Despite Hollande’s declaration of a three-day period of national mourning, the days following the attacks have seen Sarkozy and his allies compete to make American-style declarations of patriotic fervor. Sarkozy has told members in his the Republican Party, “We can’t talk about national unity anymore” after the attacks, because French people “don’t understand that,” according to Agence France-Press.

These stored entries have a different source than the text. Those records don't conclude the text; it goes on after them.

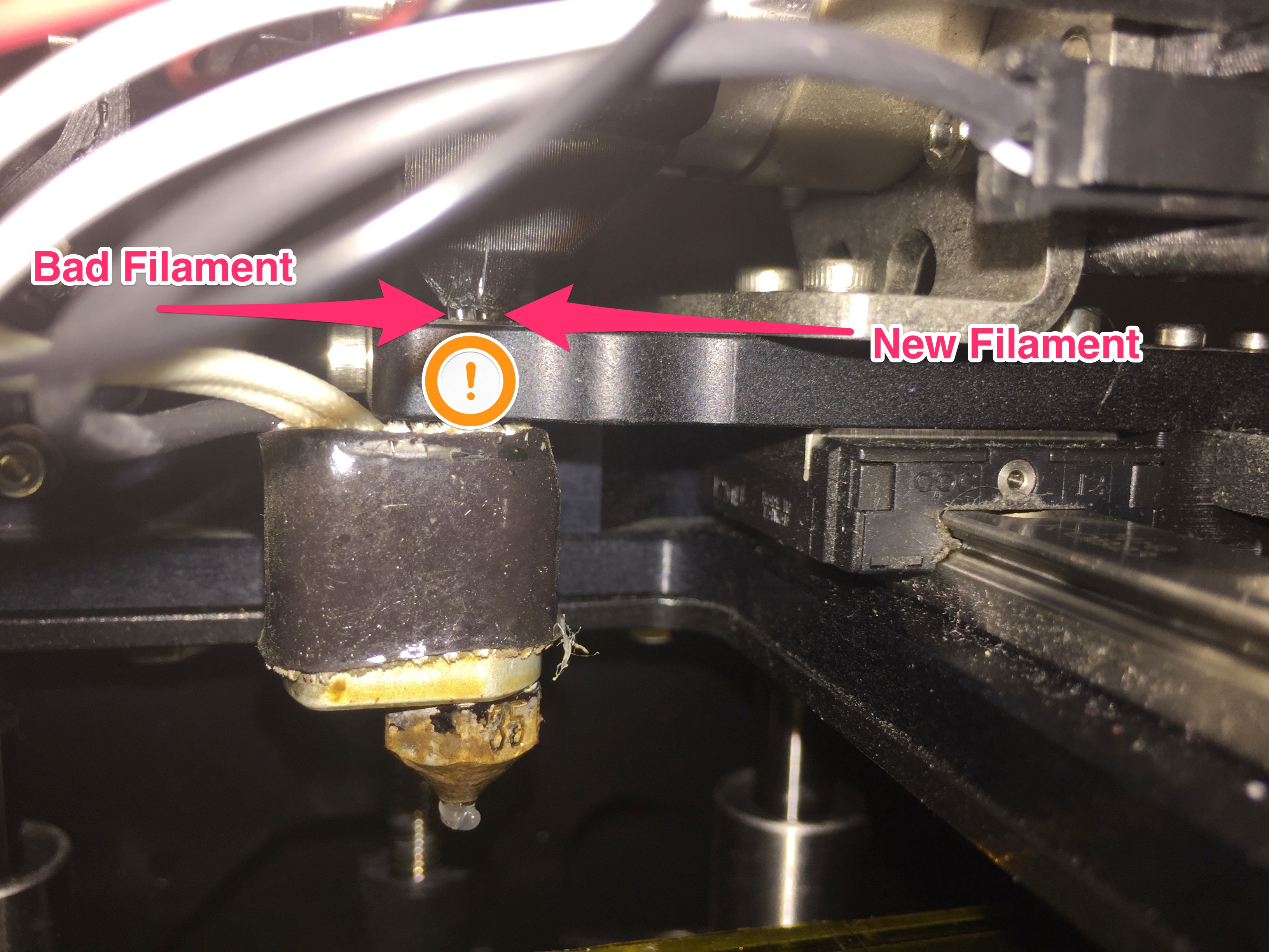 Please see attached image. Something has happened, widened I should say, whenever my filament runs out or snaps due to its dryness for being out too long and when I put the same filament back in or a new filament, both pieces of filament are somehow now able to fit in the same hole going to the nozzle, causing immediate jamming in which I have to then take the nozzle apart to retrieve the bad filament piece. I literally have to do this every single time the filament breaks or I run out of filament. This takes forever as I have to wait for the printer to cool down, take apart the nozzle, retrieve the filament, reassemble the nozzle, then retract the good filament, then clip off the good filament that has been ribbed by the double filament error, then attempt to extrude the second filament piece.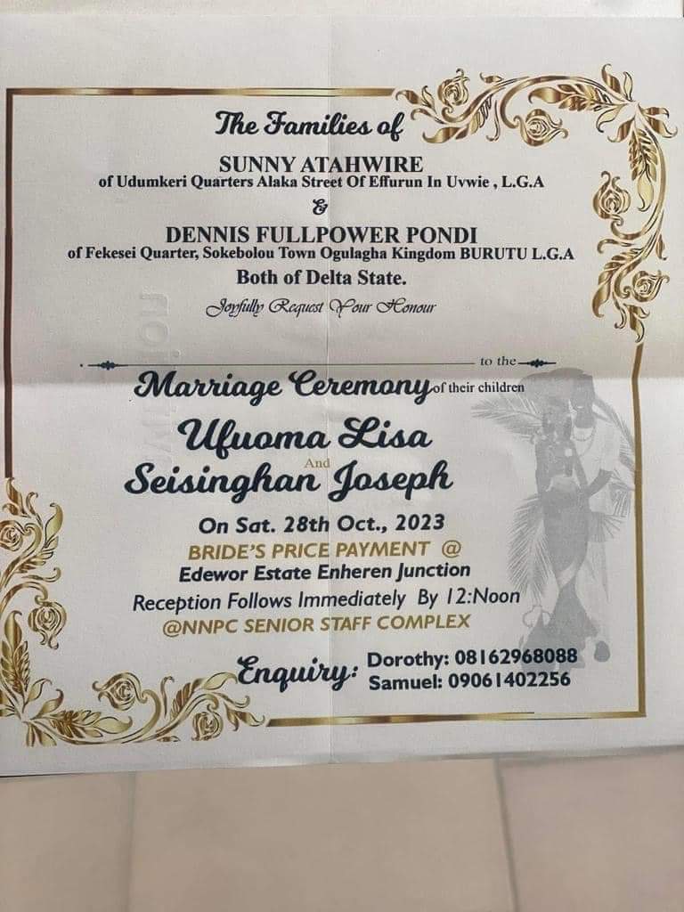 This grand celebration is scheduled for Saturday, October 28, 2023, at the NNPC Senior Staff Complex in Effurun. It promises to be a union not only of two hearts but also of two rich and diverse cultural heritages.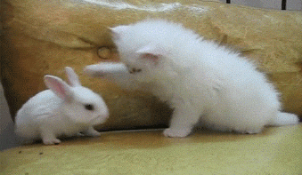 可爱小兔兔被汪星人调戏啦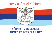 The Armed Forces Flag Day or the Flag Day of India is a day dedicated to India towards collection of funds from people of India for the welfare of the Indian Armed Forces personnel. It has been observed annually in India on December 7 since 1949.[1] Over the years, it has become a tradition to commemorate this day as an honour to the soldiers, sailors and airmen of India.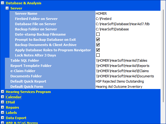 When installing HearAid on a network, the Report Template Folder, e-Claim Folder and Table SQL Folder settings must be UNC paths (for example, in the image below, where HearAid was installed on drive C: on the server with the network name "HOMER")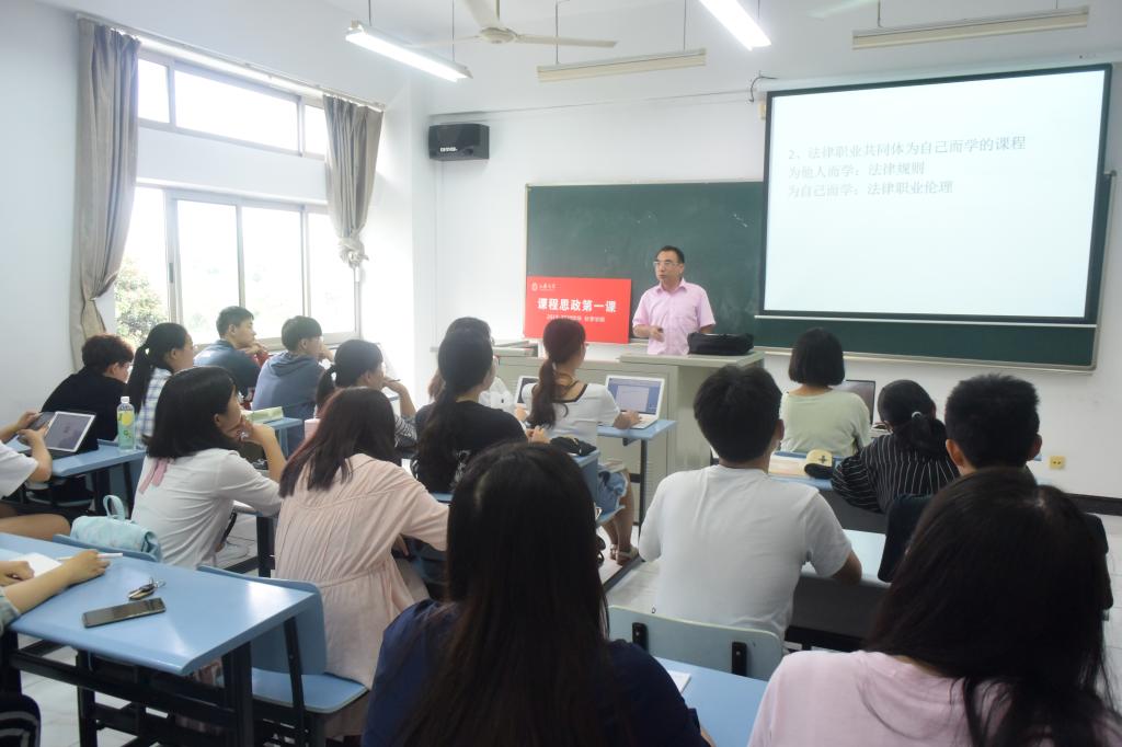 课上,文学国教授解读了教育部文件精神,强调对该课程的学习要贯穿社会主义法治人才培养的始终,同时,他还详细阐述了学好该课程与培育“平等、公正、法治、爱国、敬业、诚信、友善”等社会主义核心价值观密不可分的关系。

Laurent Wauquiez, secretary general of the party, is calling for “un Patriot Act à la Française,” aping the measures passed in the U.S. after 9/11, that would involve detaining the entire terrorism watch list, creating a kind of French Guantanamo Bay. Nadia Hamour, the party’s integration secretary, told BuzzFeed News that France needs to instill cultural values nationwide by bringing in a pledge of allegiance to the Tricolore in schools and reintroducing mandatory military service. “France is a republic where communities are not recognized. There are only citizens. France is not the sum of any communities,” she said when asked about the country’s Muslims.
Sarkozy’s strong turn rightward is a key ploy for primaries to be the party’s presidential candidate in 2017, where he faces strong competition from the centrist former Prime Minister Alain Juppé, said Paul Ariès, a political scientist who edits an anti-Sarkozy political magazine whose name translates to “The Sarkophagus.”
“On the one hand, the government is growing in the polls because they represent the state and the country and benefit from the growth in patriotism. On the other hand, the extreme right will also grow in the polls because security and immigration are their topics. As a result, Sarkozy has no other alternative than acting short term, changing his communication and going further right than he ever has,” Ariès said.
The rise in right-wing sentiment may have consequences for France’s foreign policy, including Hollande’s key role in passing sanctions against Russia over the war in Ukraine and brokering a ceasefire there. Sarkozy, once thought of as so brash and media-friendly for a French politician that press dubbed him “Sarko l’Américain,” went to Moscow last month to visit Putin, whose record, he told a group of Russian students, had been “more positive than negative.”
Christian Estrosi, the popular mayor of the Southern French city of Nice, has called for lifting the sanctions in exchange for Russian cooperation in the war against ISIS. That puts the party in close company with the Front National: Marine le Pen, the party’s leader, is a regular visitor to Moscow and accepted a nearly 10 million euro loan from a Russian bank.
The first litmus test for France’s post-attack politics comes in December, when local elections are expected to land the Front National unprecedented victories in the north and the southeast. The Republicans, on the other hand, are caught in a political bind that may see them struggle to make inroads with voters, according to Bruno Cautres, a French political scientist. “When they talk about immigration, they lose centrists, and when they talk about the economy, they lose rightists,” he said.
Gaetan Dussausaye, an activist who leads the Front National’s youth wing, expects his party to profit as a result. “Unlike others, we don’t change the color of our jackets according to the latest headlines,” he said. “It’s fair enough to see [Socialist leaders] Valls and Caseneuve and Sarkozy pumping their muscles just like they did in 2007, but all those people showed their own results. They had the instruments of power at a certain point, and they didn’t do anything.”
Emmanuel Aumonier and Annabelle Azadé contributed reporting.